By focusing on open data, we can make sure these maps belong to everyone. Our expertise goes into making the maps, but our goal isn’t to just go in and map a place. It’s to go and help people say what their place looks like. In Zimbabwe, we were working with the community to help them map what was important to them so they could use this data meaningfully. An older women suggested we map trash piles, which we initially thought was strange. It turns out the city wasn’t picking up trash as regularly as they should have, which led to huge piles of trash throughout the city that smelled bad and were making people sick. Right after, someone from the city government tried to convince us that we didn’t need to map the piles, but we went and mapped them anyway. Lo and behold, all that trash was quickly cleaned up and the garbage trucks now come more often.
New: You also previously led the global Red Cross network’s GIS analysis and coordination for the response to Typhoon Haiyan in the Philippines in 2013. How did this effort reshape humanitarian response?
Kunce: The precursor to Typhoon Haiyan was the Haitian earthquake in 2010, where 600 dedicated digital volunteers made something like 600,000 edits to OpenStreetMap. They built a map of Port-au-Prince that had never been seen before—if you look at before and after comparisons of maps, there used to be only one road, and then OpenStreetMap mapped a whole network of roads. A couple years go by and groups like the American Red Cross kept coming back to this example to build expertise around this kind of mapping.
With Typhoon Haiyan, the mapping community started mapping areas two days before the typhoon even hit in anticipation. When the storm did hit, within 48 hours this gave us a really good understanding of the road network and how the area was most likely to be impacted. In addition to that data, volunteers made something like 1.5 million additional edits in just the first month, which gave us a lot to work with. Primarily we used this to make paper road maps to distribute to the teams we were deploying so they would know how to get where they needed. We had these same maps on tablets that were being used to route workers while incorporating frequent updates. That allowed us to target our distribution for relief items so much better, and these maps even helped locals get around after damage from the storm changed things so much.
It also allowed us to see how groups of villages fit in with the road network.

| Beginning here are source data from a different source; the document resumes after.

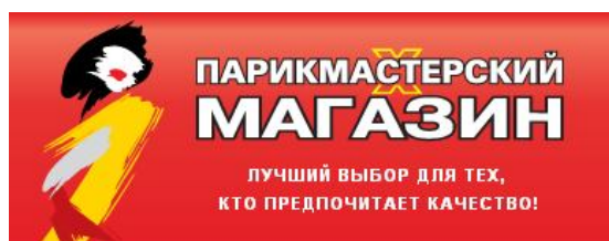
Рис. 1 – Логотип и девиз компании

Девиз – «Лучший выбор для тех, кто предпочитает качество!» (рисунок1).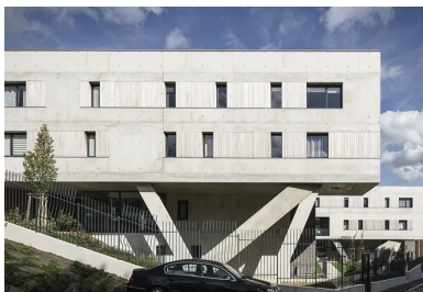
Le soulèvement d'une partie de la barrette de logements par des poteaux obliques allège la masse bâtie.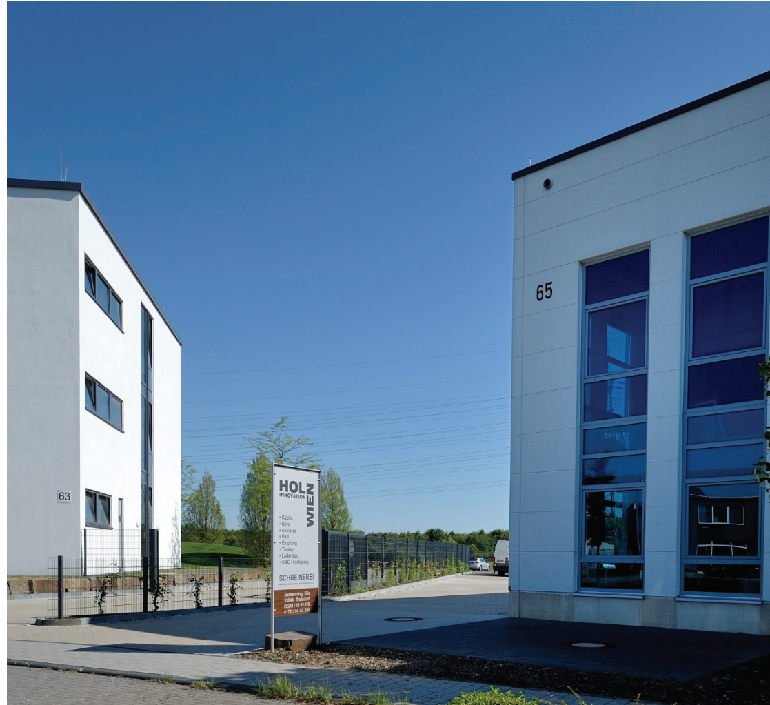
Junkersring 65 a, Wien-Holz Innovation, im Gebäude 65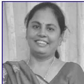
યેતના હિતેશ મોમાયા જખૌ (જલગાંવ) અફાઈ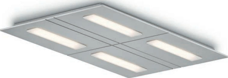
SINA-4 91.355.05 mattnickel 4 x 13,6 W LED, 7.000 lm, 2.200 - 2.900 K, Ra > 90 Energieeffizienzklasse A+ flacher Aufbau durch Magnethalterung zentral dimmbar über Universal Triac LED Dimmer 2-100 W mit dim to warm Technologie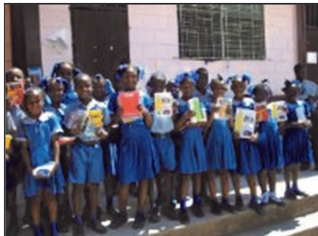
Les enfants du Vietnam et d'Haïti tenant le livret réalisé par les élèves d'Eyguières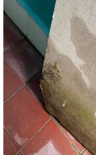
Gambar 8. Pintu yang Sudah Mulai Kropos

Setelah mengantar pintu ke tukang kayu dilakukan penambalan kusen dengan serbuk hasil perbaikan pintu. Setelah perbaikan kusen dan menunggu 2 hari setelah pengeleman, karena untuk pengeleman ini butuh waktu yang lama untuk kering dan siap untuk pintu Kembali dipasang. Terakhir dilakukan finishing yaitu pengecatan pada pintu yang sudah di renovasi, pengecatan dilakukan dikarenakan cat untuk kayu ini menghambat pengeroposan kayu. (Gambar 9 & Gambar 10).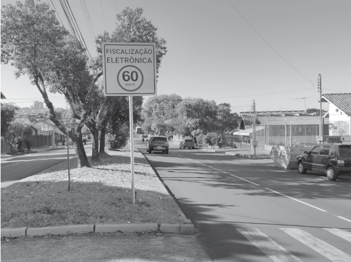
Avenida Getúlio Vargas

DMT – Departamento Municipal de Trânsito realiza o trabalho de implantação de placas indicativas de velocidade máxima permitida e o respectivo aviso do controle de fiscalização eletrônica. Principalmente nas vias de acesso rápido de Santo Ângelo, como nas Avenidas Getúlio Vargas, Salgado Filho e Ipiranga. O limite é de 60 km/h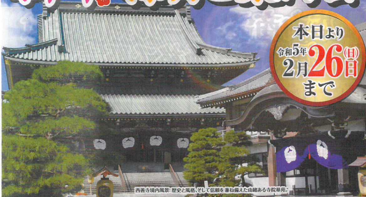
西善寺境内風景：歴史と風格、そして信頼を兼ね備えた由緒ある寺院墓苑。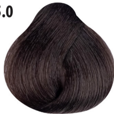
5.0 Intens lichtbruin Açık yoğun kahve Châtain clair intense Intense light brown HELLBRAUN INTENSIV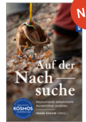
Frank Rakow Nachsuche 144 S., geb. € 24,-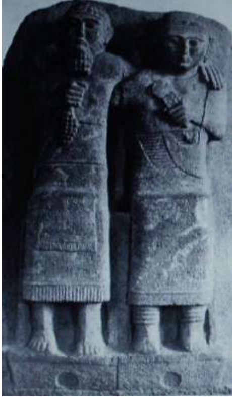
Рис.1.Хеттський надгробок на могилі подружньої пари. Кінець VIII - поч. VII ст. до н.е.

Згідно свідчень античних і римських джерел, великий народ гетів своїми поселеннями та містами, з глибоко стародавньою, праслов'яно-українською культурою, мовою, пісенно-белінним фольклором та самотньою язичницькою релігією, поширювався по нижньому Подунав'ю та нижньому та середньому Подністров'ю[10, с.5-42; с.12-20; с.5-14; с.107-126; с.80-84; с.15-28; с. 16-71].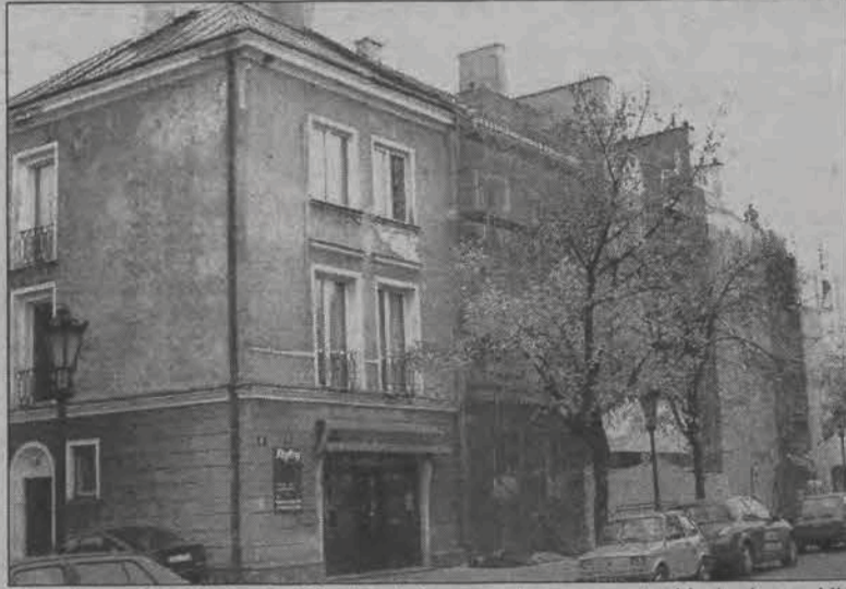
Wyraźnie widać linię, do której położone zostaną nowe tynki akrylowe. Nie będzie to przyjemny dla oka widok.

K wota, którą „Vicam” zażądała za ocieplenie oraz położenie akrylowych tynków w kolorze pomarańczowym i żółtym na powierzchni 280 m 2 elewacji części należącej do państwa K. nieosiągalna zaskoczyła ich. - W negocjacjach z kierownictwem firmy na początku nie mówiliśmy o ostatecznej cenie prac. Za-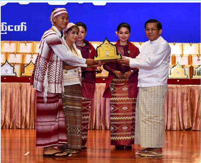
နိုင်ငံတော်စီမံအုပ်ချုပ်ရေးကောင်စီဥက္ကဋ္ဌ နိုင်ငံတော်ဝန်ကြီးချုပ် ဗိုလ်ချုပ်မှူးကြီး မင်းအောင်လှိုင် ကရင်ပြည်နယ်တိုင်းရင်းသားရိုးရာအကအဖွဲ့အား ဂုဏ်ပြုဆုပေးအပ် ချီးမြှင့်စဉ်။

အတွက် အနုပညာစွမ်းပကားဖြင့် ဆက်လက် ထိန်းသိမ်းကာကွယ် စောင့်ရှောက်သွားကြပါ ဟု အနုပညာရှင်ကြီးများနှင့်အတူ မျိုးဆက် သစ်အနုပညာရှင်များအားလုံးကို အလေးထား တိုက်တွန်းမှာကြားလိုကြောင်း။ သက်ဆိုင်ရာ တာဝန်ရှိသူများနှင့် အနုပညာရှင်များအားလုံးကို မှာကြားလိုသည် မှာ ပြည်ထောင်စုမြန်မာနိုင်ငံတော်ကြီး နိုင်ငံတကာအလယ်တွင် ဝင့်ဝင့်ထည်ထည် နှင့် ကမ္ဘာတည်သရွေ့တည်တံ့ခိုင်မြဲစေရန် အတွက် မြန်မာလူမျိုးတို့၏ ကိုယ်ပိုင် ယဉ်ကျေးမှု၊ ကိုယ်ပိုင်အနုပညာနှင့် ကိုယ်ပိုင် အမျိုးသားရေးစရိုက် လက္ခဏာများကို ဆက်လက် ရှင်သန်ထွန်းကားနေအောင် စွမ်းဆောင်ပေးကြရန်၊ နှစ်ပေါင်းထောင်ချီပြီး ခမ်းနားထည်ဝါစွာ ဖွံ့ဖြိုးစည်ပင်ခဲ့သည့် မြန်မာ့ရိုးရာယဉ်ကျေးမှု အနုပညာစစ်စစ်ကို မြတ်နိုးထိန်းသိမ်းရင်း မြန်မာတို့၏အမျိုး ဂုဏ်၊ ဇာတိဂုဏ်အစဉ်ထာဝရနိုးကြား ရှင်သန် နေစေရန် အနုပညာစွမ်းပကားဖြင့် ပူးပေါင်း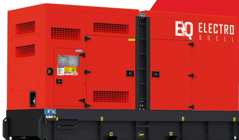
Image illustrative. Les détails réels du produit peuvent différer de l'illustration.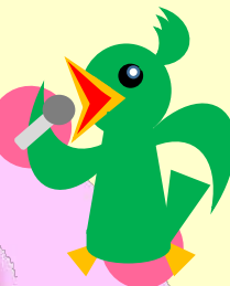
ハローワーク相模原 オリジナルキャラクター ひばりん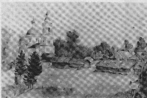
Вид села Глинково, 1927 год.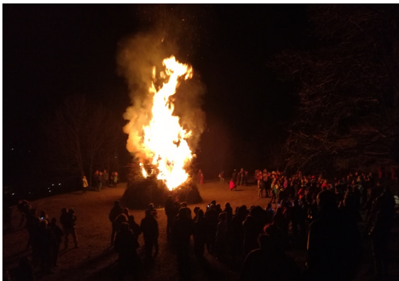
(Fig. 3) Il falò del 17 febbraio di Sibaud (Bobbio Pellice), occasione di festa, riflessione e aggregazione intergenerazionale per la comunità valdese, ma anche per partecipanti di altre confessioni.

microeconomia delle “terre alte” e oggi nuova frontiera per sviluppare i valori dell’abitare ecologico e della valorizzazione del patrimonio ambientale.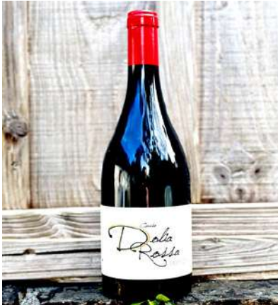
Dolia Rossa - 2021

90% Sciaccarellu, 10% Niellucciu 17,30 € HT SO2 < 20mg/L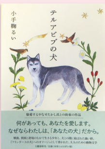
『テルアビブの犬』 (文藝春秋／2015年)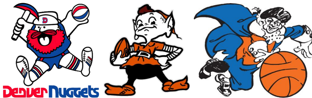
(Slika 10. Stare maskote NFL timova)

Maskote su prvobitno izgledale veselo, ličile su na likove iz crtanih filmova (Slika 10.), ali je 1970-tih došlo do promjene stila, te se sa „veselih“ maskota prešlo na maskote koje su danas prisutne u gotovo svim američkim sportovima. [12]

One of our relief team folks told me that the maps we were providing them cut a month off the time it would have normally taken to distribute their relief items. That’s a huge difference, and Typhoon Haiyan was the first to see this kind of huge effort built on OpenStreetMap. The U.S., Canadian, and Philippines governments were using it, we were using it, Doctors Without Borders was using it, and it became the definitive dataset.
You can continue the arc of this growth around open data. The Ebola outbreak happened around six months after Typhoon Haiyan, and 1,800 volunteers made around 4.5 million edits in just a few months to maps in west Africa that my team continues to work on years later. Then the Nepal earthquake in 2015 had 2,000 people make 6 million edits in the first 48 hours. We ended up having over 8,000 people contribute to open mapping this fall, and the amount of data available to humanitarians is growing on a logarithmic scale.
I heard a great story from our CEO Gail McGovern—she met with her counterpart in Nepal who told her that these maps and data were amazing, and that people were able to identify roads in Kathmandu that they didn’t even know existed. I think about the Red Cross as providing the help people need to overcome that next obstacle, and here we were having a huge impact on helping people help their neighbors. Sitting in Washington, DC, at a computer at midnight tracing buildings and roads, you don’t always feel that impact. But knowing that this data is being used so meaningfully is incredibly satisfying.